Renowned Artist and Professor of Fine Art and Photography

Photo by Lala Meredith-Vula from the series "Women and Water"

Lala Meredith-Vula (born 1966) is a British-Albanian artist and Professor of Art and Photography at De Montfort University, Leicester. Their work explores themes of identity, memory, migration, landscape, conflict and cultural heritage with a particular focus on the Balkans.

Meredith-Vula first came to prominence in 1988 as one of the artists shown in Freeze, the landmark exhibition curated by Damien Hirst that helped launch the Young British Artists movement. Since then they have exhibited internationally, representing Albania at the 48th Venice Biennale in 1999 and participating in documenta 14 in Kassel and Athens in 2017.

Best known for long-term photographic projects including Haystacks, Blood Memory and Women in Water, Meredith-Vula's work combines documentary photography with conceptual art to examine questions of cultural identity, social history and post-conflict reconciliation. Their work is held in numerous international public and private collections.
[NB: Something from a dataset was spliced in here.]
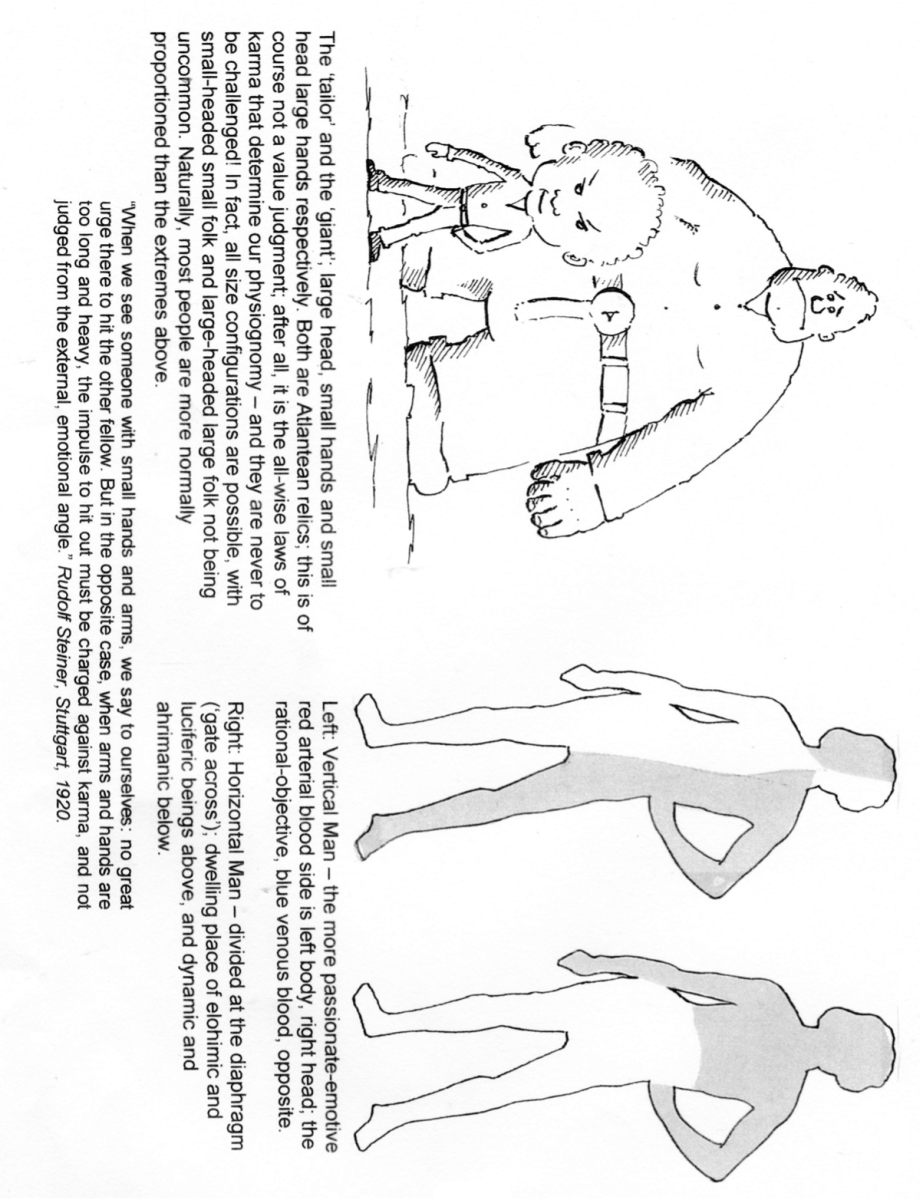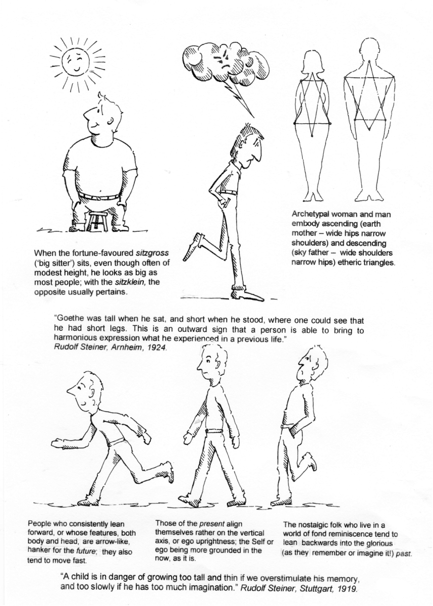 Then there’s the sitzgross. Steiner gives, as an example of this vertical man, the great Goethe, a person with a large boy and short legs. These people tend to have a harmonious incarnation; no doubt earned by many goods works in previous lives. Alas for the short body, lanky-legged folk – one often only has to be in their company for a short time to unwittingly share in their ill luck!

==Early life and education==
Meredith-Vula was born in Sarajevo, Bosnia and Herzegovinia, to an Albanian father and an English mother. They moved to England with their mother in 1970 and later completed an Art Foundation course at Nottingham Trent University, Nottingham (1984–85) and a Fine Art degree at Goldsmiths College, University of London graduating in 1988. They subsequently undertook postgraduate studies at the University of Prishtina, Kosova, developing an artistic practice there that drew upon both their British upbringing and Balkan heritage.
==Artistic practice==
Meredith-Vula's photography examines the relationship between landscape, memory, identity and political history. working primarily through long-term documentary projects, they combine conceptual approaches with observational photography to explore the cultural and social histories of communities across the Balkans.
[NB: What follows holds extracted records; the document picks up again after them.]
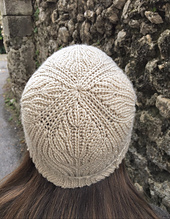 Liberty e’ interamente lavorato con il punto brioche ad uncinetto ed e’ caratterizzato da un motivo a false trecce speculari che si uniscono al centro e culminano in un ulteriore motivo sulla corona.
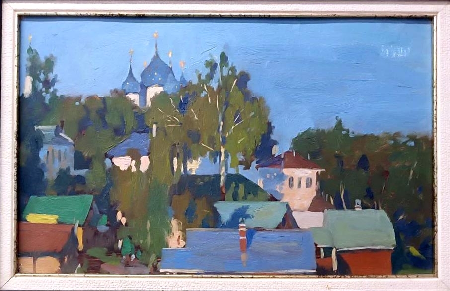 Подмосковные сады, посадские пейзажи и портрет жены в образе «Русской красавицы» — примечательно, что кокошник на модели выполнен тоже руками художника. Исторический костюм — одно из его увлечений.
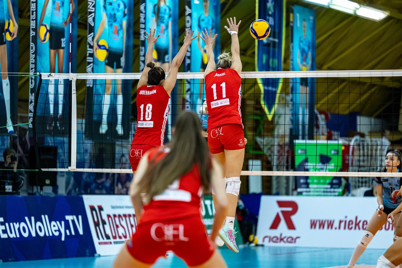 The number of successful point winning blocks of C.S.M. LUGOJ compared to Olympiacos PIRAEUS.
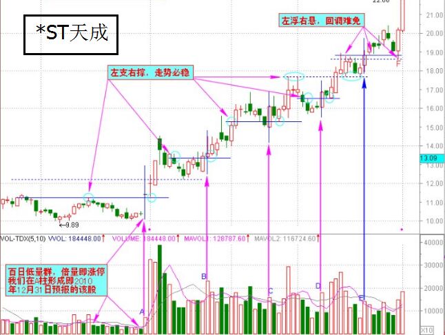 根據(jù)上面的特點(diǎn),那我們?cè)谡覍な旨艿臅r(shí)候就會(huì)非常的簡(jiǎn)單了。具體的就是:首先找到走勢(shì)重工的將軍柱,用豎線標(biāo)示出來(lái),其次就是換出該將軍柱的攻防線,最后就是講共防線切合該線病形成了左支右撐形態(tài)的,那就是黃金十字架了,如下圖中的*ST天成走勢(shì)圖。
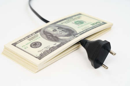 business concept. Electric plug and dollars on the table.
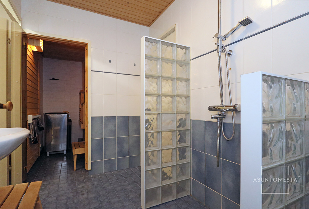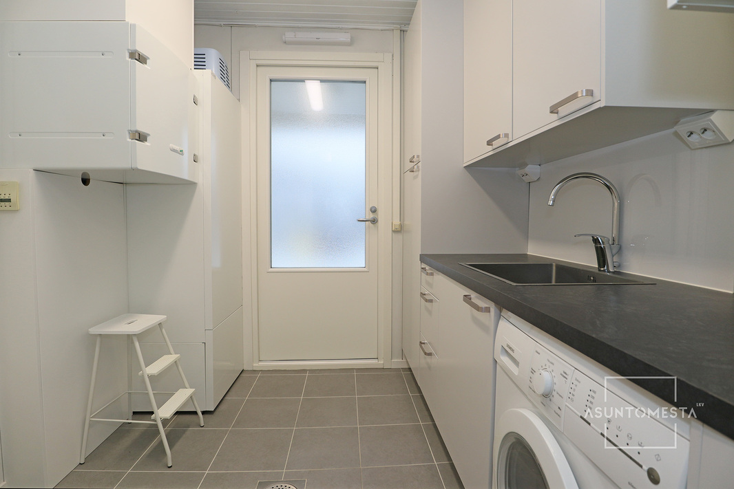 Keittiö ja kodinhoitohuone, josta on käynti suojaisan terassin kautta ulos. Sitten heti valmiilla kiukaalla varustettuun saunaan, johon on myös mahdollista vaihtaa puukiuas. Säilytystilaa on runsaasti vaatehuoneessa ja kaapistoissa, sekä autokatoksen yhteydessä olevissa varastoissa, joista toinen on lämmin. Eikä siinä vielä kaikki, keittiössä on puuhella ja leivinuunikin!
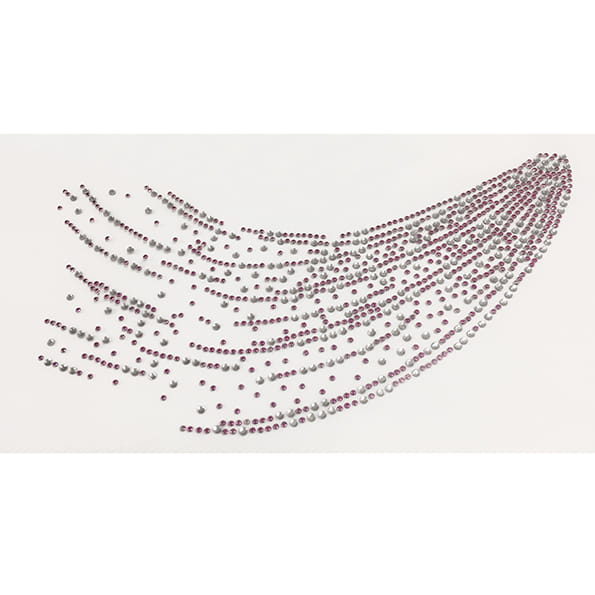 Błyszcząca dekoracja do stroju na zasadzie przyprasowania na gorąco. Może być wykorzystywana zarówno do przyozdobienia odzieży jak i paczek. Idealna do ozdoby strojów scenicznych, nadaje im niepowtarzalny i elegancki wygląd. Kolorystyka srebrno-różowa. Wymiar arkusza 23cm x 11cm.
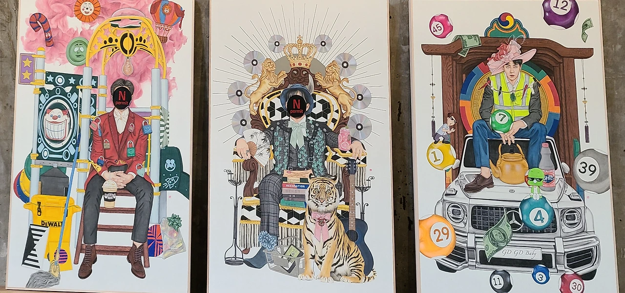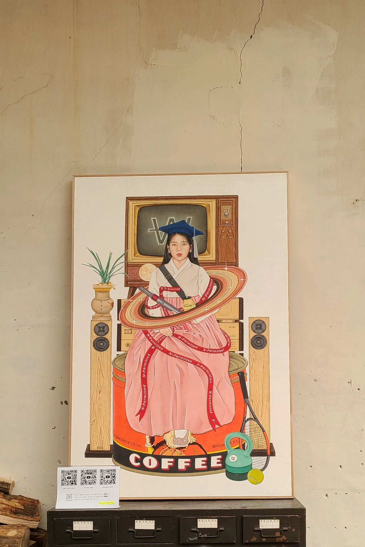 안서진 작가가 그려낸 대중문화의 아이콘, K-POP을 대표하는 아이돌들은 화려한 건물 앞, 왕좌, 벤츠 또는 커피캔과 같은 다양한 물체에 다양한 모습으로 앉아 있습니다. 탱화에서 발견할 수 있는 부처의 가부좌 자세나 조선시대 초상화에서 발견할 수 있는 모습으로 앉아있는 이들의 모습은 마치 수많은 사람들의 선망의 대상으로써 우상화된 것처럼 보입니다. 현대에 이르러 새로운 우상의 위치를 차지한 연예인들은 그들이 원하던, 원하지 않던 수많은 눈길에 얽매여 생활하게 된다는 지점을 과거 왕이나 부처를 그렸던 도상을 통해서 이야기합니다. 아이돌이 그려진 화면에는 테니스, 난초 화분, 캐릭터 둘리와 고길동, 대걸레와 같은 물건들로 가득 차 있습니다. 이 물건들은 초상화의 주인공과 밀접한 관계가 있는지 그리고 그 기물들은 서로 깊은 연관을 가지고 있는지 알 수 없습니다. 그러나 화면 속 인물이 대중에게 유명하고, 공인과 같은 위치에 존재하기 때문에 모든 것에 의미를 부여하고 해석하려고 노력하게 됩니다. 우리의 이러한 태도가 안서진 작가가 그려낸 ‘아이돌’에 대한 인식을 더 일깨워 주기 위한 것으로 보입니다.
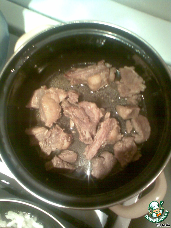 Обжариваем рёбрышки и телятинку (добавила телятину, чтобы можно было кормить и ребёночка) на сковороде на большом огне до золотистого цвета, присаливаем чуток для сока. Затем наливаем кипяченной воды и оставляем тушить на 15-20 мин. Я переложила мясо в кастрюльку, где оно у меня и тушилось на маленьком огоньке.
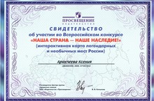 Ученица 6 класса Аракчеева Ксения и учитель английского языка Шарифуллина Л.В. награждены Свидетельством об участии во Всероссийском конкурсе "Наша страна - наше наследие!" (интерактивная карта легендарных и необычных мест России).

Rather than documenting events alone, their work investigates how place, tradition and collective memory shape individual and national identity. Throughout their career they have returned repeatedly to Kosovo and Albania, producing bodies of work over several decades that reflect social change, migration and post-conflict reconstruction.
==Major bodies of work==
Haystacks

Begun in 1989 and continuing to the present day, Haystacks is Meredith-Vula's longest running artistic project. The series documents traditional haystacks constructed by farmers throughout Kosovo and neighbouring regions. While rooted in documentary photography, the project explores the sculptural qualities of vernacular agricultural forms, questioning distinctions between everyday labour and contemporary art.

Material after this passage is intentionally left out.